反対電荷の親水コロイドや有機溶媒を混合することで、コロイドに富む相と乏しい相に分離することをコアセルベーショ
ンと言います。この現象はマイクロカプセルの調整に用いられています。

 

下記の図の例では、親水コロイドにアルコールなどを添加し塩析を起こします。そうすると、コロイドに富む層と乏しい層の2つに分離します。ここに薬剤などを含めておくことでマイクロカプセルの調整に応用しています。

 

コアセルベーション

 

DLVO理論

粒子間にはファンデルワールス力と静電的な反発力が働いています。

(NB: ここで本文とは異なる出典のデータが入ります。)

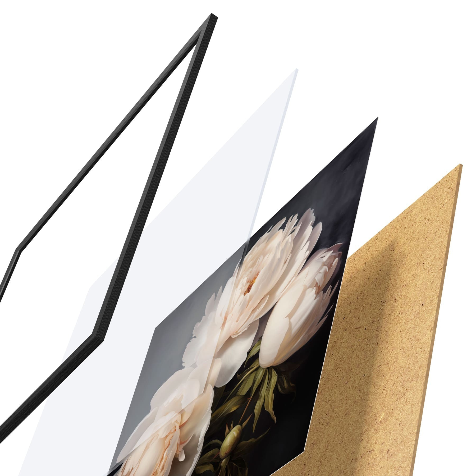 De poster bestaat uit een frame, plexiglas, geprinte afbeelding en spaanplaat achterkant. De poster kan meteen aan de muur worden gehangen dankzij de bevestigingen op de achterkant.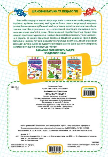 Математичні розваги Нестандартні задачі Алліна О. Торсінг. Книга «Нестандартні задачі» запрошує учнів початкових класів у мандрівку Чарівною країною, мешканці якої дуже люблять давати хитромудрі завдання для вирішення яких потрібна кмітливість, а також здатність знаходити нові оригінальні способи розв`язання.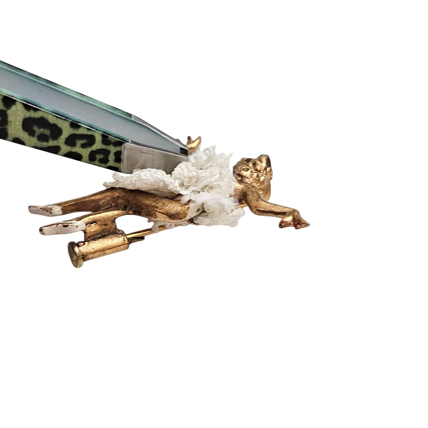 • It features a lady or a girl Ballerina figural pin

コロイドの安定性は、この粒子間のファンデルワールス力と静電反発力の総和で決まります。この関係性を説明しているのがDLVO理論です。

 

〈異なる添加塩濃度におけるコロイド粒子間相互作用のポテンシャルエネルギーと粒子間距離との関係〉
DLVO理論
図の見方について説明していきます。
VAのファンデルワールス力については引力として働いています。粒子間距離が近い場合(左側が粒子間距離0)は、VA
が大きく働くことが示されています。
一方、VRでは塩の添加量を増やしていくと、静電相互作用ポテンシャルエネルギーは、VR₁、VR₂、VR₃の順に小さくなります。VtはVAとVRの和となっているので、VRの変化に伴って全ポテンシャルエネルギーは、VT₁、VT₂、VT₃と変化していきます。

 

VT₁の場合は、ずっと反発力の方が大きく働いているため、凝集することなく安定な状態です。
VT₂の場合は、引力が働き凝集が起きる状態ですが、緩やかな凝集であるため、振り混ぜることで再分散します。
VT₃の場合は、ファンデルワールス力が大きく、強く凝集が起こります。